→ ASSIGNMENT
Without including any picture, transcribe the entries below word for word.

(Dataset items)

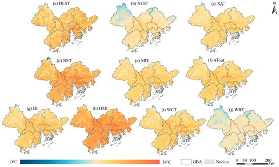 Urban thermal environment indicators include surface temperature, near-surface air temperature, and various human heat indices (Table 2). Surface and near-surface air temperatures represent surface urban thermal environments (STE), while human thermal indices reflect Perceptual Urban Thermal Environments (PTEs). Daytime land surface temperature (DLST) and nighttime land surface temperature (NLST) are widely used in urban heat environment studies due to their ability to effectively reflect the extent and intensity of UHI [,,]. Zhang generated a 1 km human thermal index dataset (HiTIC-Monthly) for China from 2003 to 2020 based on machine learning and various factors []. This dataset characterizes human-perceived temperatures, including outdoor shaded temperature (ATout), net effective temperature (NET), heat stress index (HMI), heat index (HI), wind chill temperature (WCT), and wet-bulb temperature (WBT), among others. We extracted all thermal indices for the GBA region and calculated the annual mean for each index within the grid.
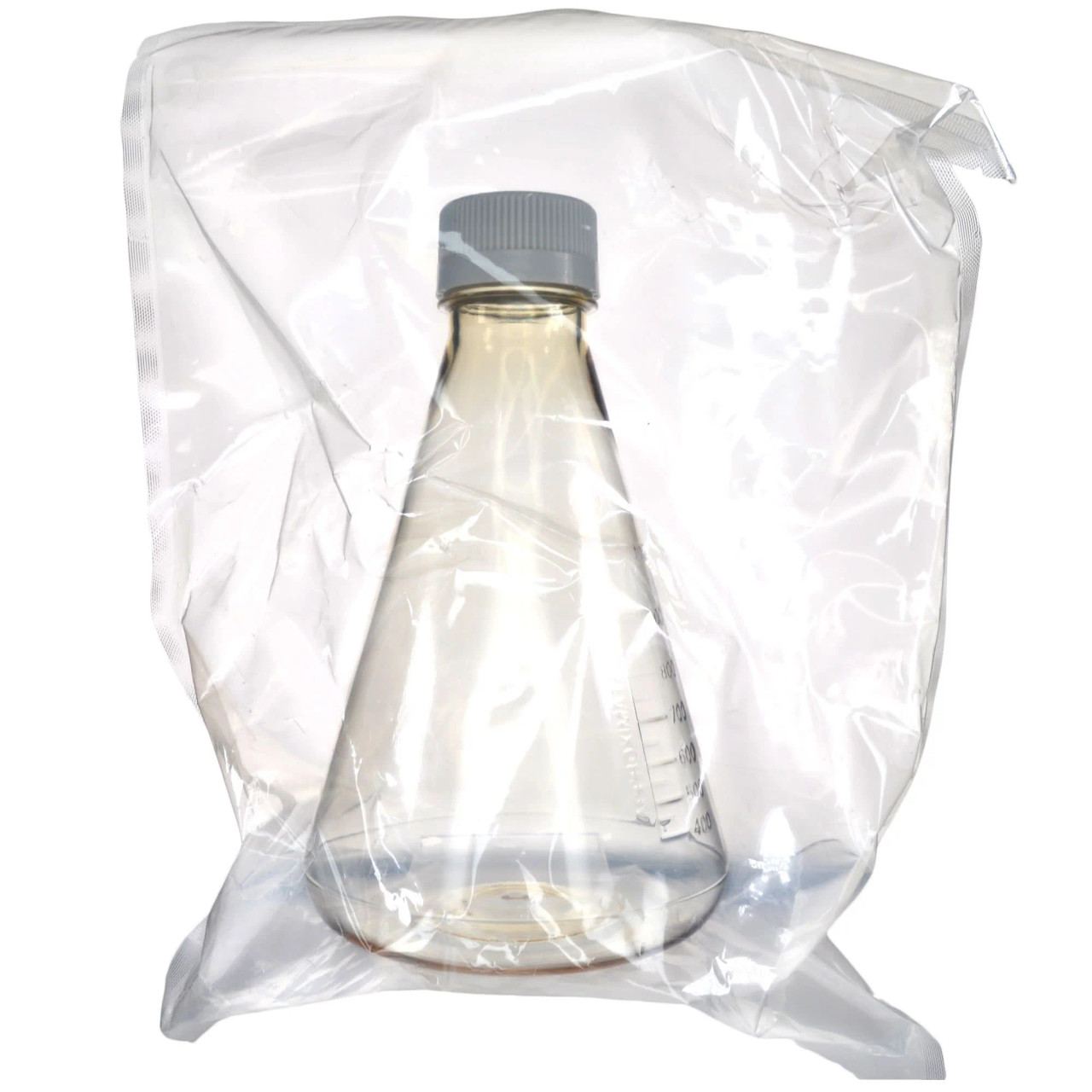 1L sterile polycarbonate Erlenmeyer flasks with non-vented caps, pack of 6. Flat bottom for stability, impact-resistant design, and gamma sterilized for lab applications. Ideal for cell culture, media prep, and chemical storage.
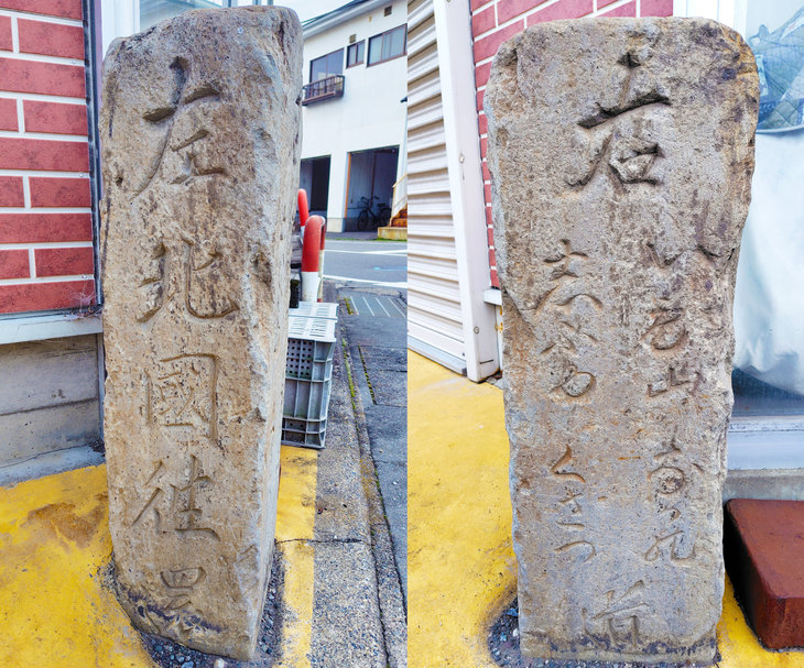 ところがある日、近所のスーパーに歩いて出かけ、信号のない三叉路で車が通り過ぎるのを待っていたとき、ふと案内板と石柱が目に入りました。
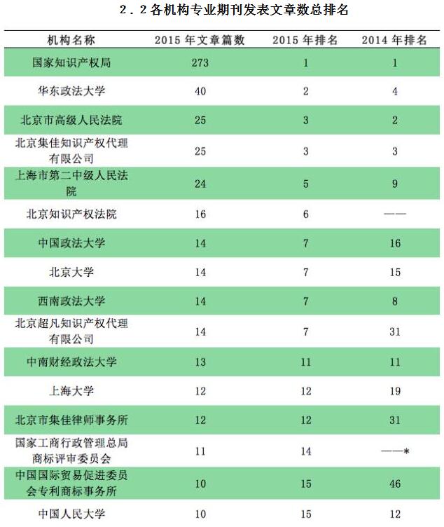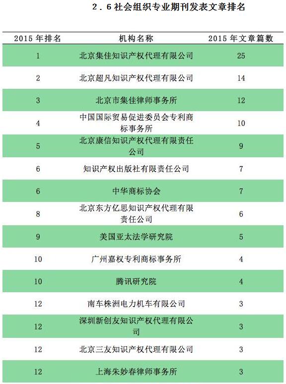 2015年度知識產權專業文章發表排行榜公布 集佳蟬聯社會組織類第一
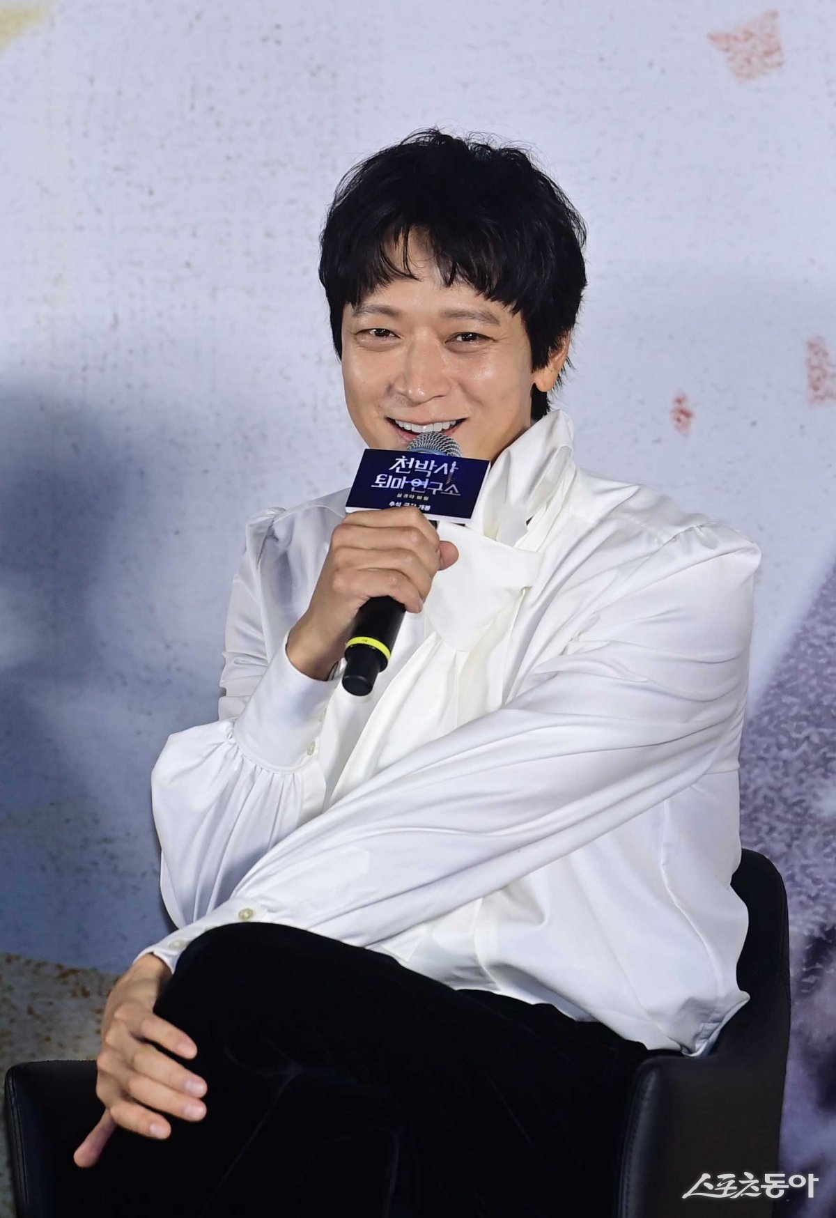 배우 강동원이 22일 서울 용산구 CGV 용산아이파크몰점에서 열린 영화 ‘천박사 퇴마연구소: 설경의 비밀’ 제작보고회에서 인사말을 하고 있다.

→ TASK ANSWER
 Urban thermal environment indicators include surface temperature, near-surface air temperature, and various human heat indices (Table 2). Surface and near-surface air temperatures represent surface urban thermal environments (STE), while human thermal indices reflect Perceptual Urban Thermal Environments (PTEs). Daytime land surface temperature (DLST) and nighttime land surface temperature (NLST) are widely used in urban heat environment studies due to their ability to effectively reflect the extent and intensity of UHI [,,]. Zhang generated a 1 km human thermal index dataset (HiTIC-Monthly) for China from 2003 to 2020 based on machine learning and various factors []. This dataset characterizes human-perceived temperatures, including outdoor shaded temperature (ATout), net effective temperature (NET), heat stress index (HMI), heat index (HI), wind chill temperature (WCT), and wet-bulb temperature (WBT), among others. We extracted all thermal indices for the GBA region and calculated the annual mean for each index within the grid.
 1L sterile polycarbonate Erlenmeyer flasks with non-vented caps, pack of 6. Flat bottom for stability, impact-resistant design, and gamma sterilized for lab applications. Ideal for cell culture, media prep, and chemical storage.
 ところがある日、近所のスーパーに歩いて出かけ、信号のない三叉路で車が通り過ぎるのを待っていたとき、ふと案内板と石柱が目に入りました。
 2015年度知識產權專業文章發表排行榜公布 集佳蟬聯社會組織類第一
 배우 강동원이 22일 서울 용산구 CGV 용산아이파크몰점에서 열린 영화 ‘천박사 퇴마연구소: 설경의 비밀’ 제작보고회에서 인사말을 하고 있다.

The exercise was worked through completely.